Figure 3. — Analysis of protein and mRNA changes in the time-course data using fCI. Protein levels were measured in two treatment conditions (LPS and Mock) and two data recording methods (Heavy and Medium) respectively. Instead, mRNA levels were measured in only two treatment conditions (LPS and Mock) respectively. Both protein and mRNA levels were recorded at 0,1, 2, 4, 9 and 12 h. At each time point, fCI determined whether the given gene is differentially expressed or not compared to reference time point 0 h. If no significance was found, a fold change of 0 was assigned. Otherwise, the ratio will be reported at significantly changed time points. Effect of gene regulation with respect to the six time points were shown on gene ‘*Cebpb*’ and ‘*Trafd1*’ respectively.

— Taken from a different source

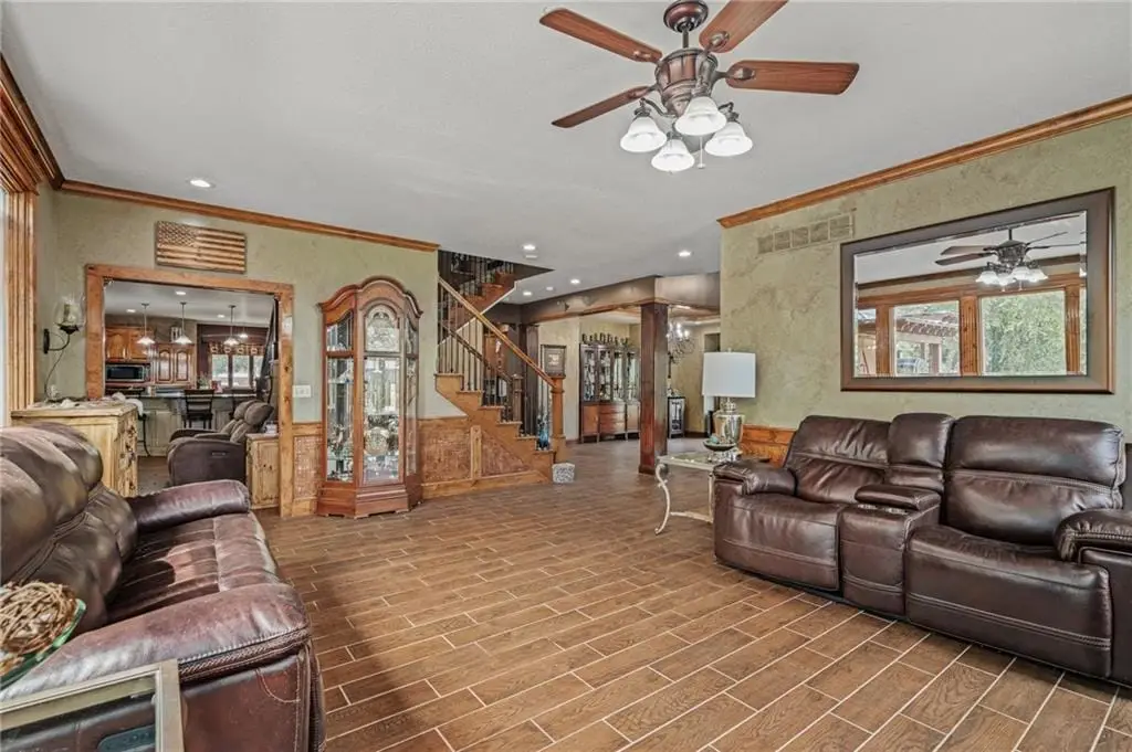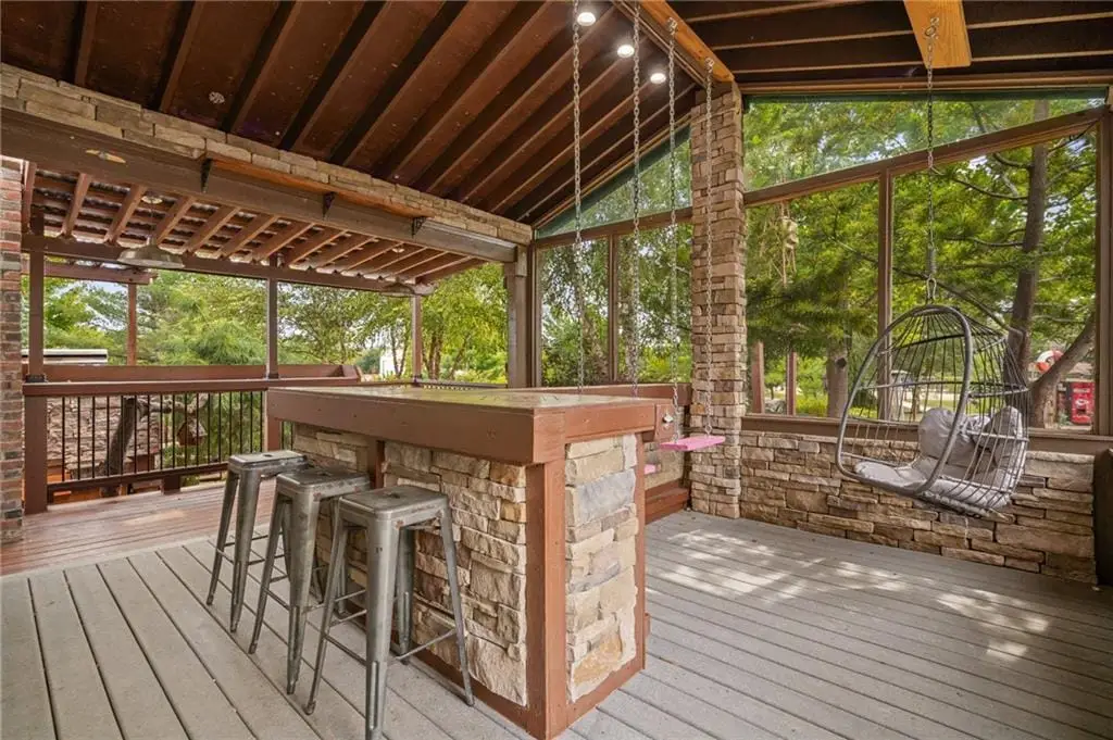 Unmatched in character and amenities, this gated 5-acre Lone Jack property is designed for those who love to entertain, live outdoors, and need space for a home-based business. The grounds are extraordinary, with two large ponds - one offering a sandy beach, dock, playhouse with hurricane deck, and zip line, the other showcasing a dramatic 12-foot stone waterfall. Multiple weeping willows surround the water, creating a picturesque, park-like setting. Outdoor living is unbelievable with a swimming pool, outdoor shower, festive poolside bar, basketball court, striped parking for nine cars, multiple firepits, fountains, and extensive landscaping and unique trees. A huge raised-bed garden with drip irrigation and automatic watering, vintage 1950s merry-go-round, playground and pergola framed with wisteria over the water complete the retreat. The 2006-built two-story home offers quality and comfort with hard surface flooring throughout the main level, five fireplaces, formal dining, office, and a hearth room/kitchen with island seating for five, Viking six-burner cooktop. French doors open to a fenced dog yard with pergola and hibachi grill. Upstairs, four bedrooms each enjoy private baths; the oversized primary suite boasts a fireplace, sitting area, private covered balcony with mini split, and a massive walk-in closet. The walkout lower level is built for gathering, with a theater, arcade, full bar, non-conforming fifth bedroom, full bath, and access to a saloon-style patio with hot tub and firepit. Complete set up for livestock and farm animals with fenced pen, multiple shelters and duck pond. The property also includes a new outbuilding with concrete floor, two large overhead doors, built-in compressor, and plumbing for living quarters - ideal for equipment storage, hobbies, or running a business. Meticulously maintained and set on blacktop, this one-of-a-kind estate combines resort-style living with everyday functionality - an entertainer’s paradise inside and out.

Furthermore, we used fCI to investigate gene expression variability in mouse embryonic stem cells cultured in serum and in a two-inhibitor medium (30) (see Supplementary Materials 1-7). In single cell gene expression analysis we used a different approach with fCI. We analyzed the distribution of gene expression for individual genes across the individual cells, as opposed to the previous cases where we analyzed the distribution of multiple genes between samples (our reasoning for this approach is in the Supplementary Materials 1-7). With fCI, it is possible to monitor gene expression changes between cells undergoing different treatments (see Supplementary Figure S7). Results showed that gene expression values (878 out of 1492 genes) were more variable in cells cultured in traditional serum medium compared to genes (104 out of 1492 genes) from cells cultured in a two-inhibitor medium, which confirmed >80% of published results (31) (see Supplementary Table S3). For example, fCI confirmed that Pou5f1, Sox2 and Pcna were more variable in the serum condition compared to the two-inhibitor condition. In contrast, Ccna2 and Ccnb1 were both expressed similarly in the given conditions (31). This allowed us to utilize fCI and single cell RNA-Seq to evaluate sample variability and DEGs based on transcriptome similarities between cells.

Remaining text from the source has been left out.